Many Afghans perceive the current insecurity less as a conflict between the government and international allies on the one side and Taliban and al Qaeda on the other, and more as a mutual enterprise in which various actors collude in predatory and criminal behavior.”

They point out that this problem is exacerbated by the International Security Assistance Force’s (ISAF) reliance of local strong men and networks of “power-holders” who lack legitimacy in communities and are part of an ingrained kleptocracy in many cases.  A similar conclusion was reached by Michael Hastings, in his latest profile of General Petreaus in Rolling Stone magazine and by a recent article for by Dexter Filkins in the New Yorker.  The New Yorker article, in particular, depicted a government system best described as a pyramid scheme.  Karzai’s closest associates are at the top of the pyramid, collecting cash from individuals below them on the totem-pole such as the midlevel bureaucrats and bribes from the country’s major financial institutions.  At the bottom of the pyramid are the majority of the Afghan people, who are victimized by their government.  It is no wonder the national police force, a symbol of the state’s corruption, is almost as unpopular in Pashtun belt as the Taliban.

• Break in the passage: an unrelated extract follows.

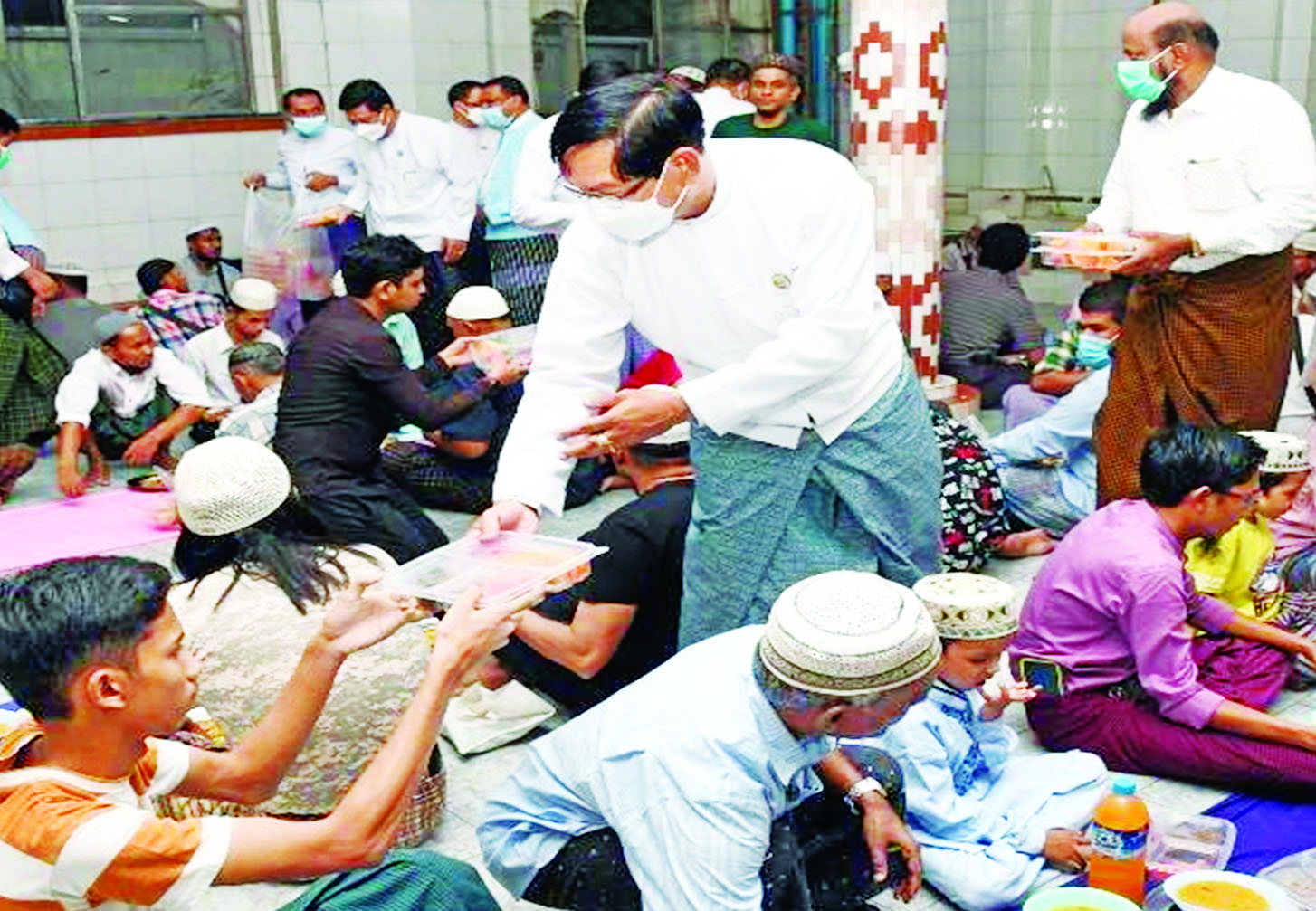 ရန်ကုန်တိုင်းဒေသကြီးအတွင်းရှိ အစ္စလာမ်ဘာသာဝင်များ၏ ရာမဒန်လမြတ်ကာလတွင် ဥပုသ်ဝင်ရောက်ကြသူများအတွက် စားသောက်ဖွယ်ရာများကို ရန်ကုန်တိုင်းဒေသကြီး ဝန်ကြီးချုပ် ဦးစိုးသိန်း၊ ရန်ကုန်တိုင်းစစ်ဌာနချုပ် တိုင်းမှူးဗိုလ်ချုပ် ညွန့်ဝင်းဆွေနှင့် တာဝန်ရှိသူများက သွားရောက်ပေးအပ်လှူဒါန်းလျက်ရှိသည်။

The problems the Century Foundations identifies are real, and their willingness to make bold recommendations, including calling for the arrest of fifty of the most predatory political leaders in Afghanistan should be commended.

The Bad

Some of their recommendations have repercussions that are not explored in this document.   At the risk of an oversimplification, the Century Foundation recommends removing the bad leaders and predatory government networks (possibly by having leaders arrested) and replacing them with good leaders and positive civil-society networks.  This sounds good, but the governance problem is complex and there are at least half a dozen potential pit-falls.

1.        Removing the bad leaders might impact the U.S.’s military objectives.  We rely on these networks for various services including intelligence and security.  Furthermore, they’re armed and may not take kindly to having their leaders arrested.  This policy could lead to more local “leaders” turning to or into the insurgents.

2.       How do you remove the bad leaders?  The U.S. does not have the authority to arrest the most corrupt Afghans.  Meanwhile, Karzai has every incentive to keep these predatory networks around as they help him remain in power.

3.       Arresting a leader may not impact how these networks operate.  A leader can, after all, be replaced.  Why would the current government put in place institutions which would undermine their ability to profit from the local population?

4.       How do you identify the “good leaders” and civil society networks and empower them?  Village politics is as complex and divisive as national politics.  This policy may end up empowering one group at the expense of others, despite our good intentions.

5.       Keeping forces in sensitive southern regions, but ending “offensive operations” may simply allow the insurgents to regain the offensive.  It also presumes that troop behavior and not foreign occupation is the cause of the violence.

6.       Creating space for civil society is difficult in a conflict when civil society is often unarmed and at the mercy of armed groups on both sides.  This dynamic needs to be reversed, and probably the only solution is a broad reconciliation with both local Talibs and the leaders of the Quetta Shura and Haqqani networks.

The Century Foundation recommendations are not necessarily bad, but more work needs to be done to address these and other issues.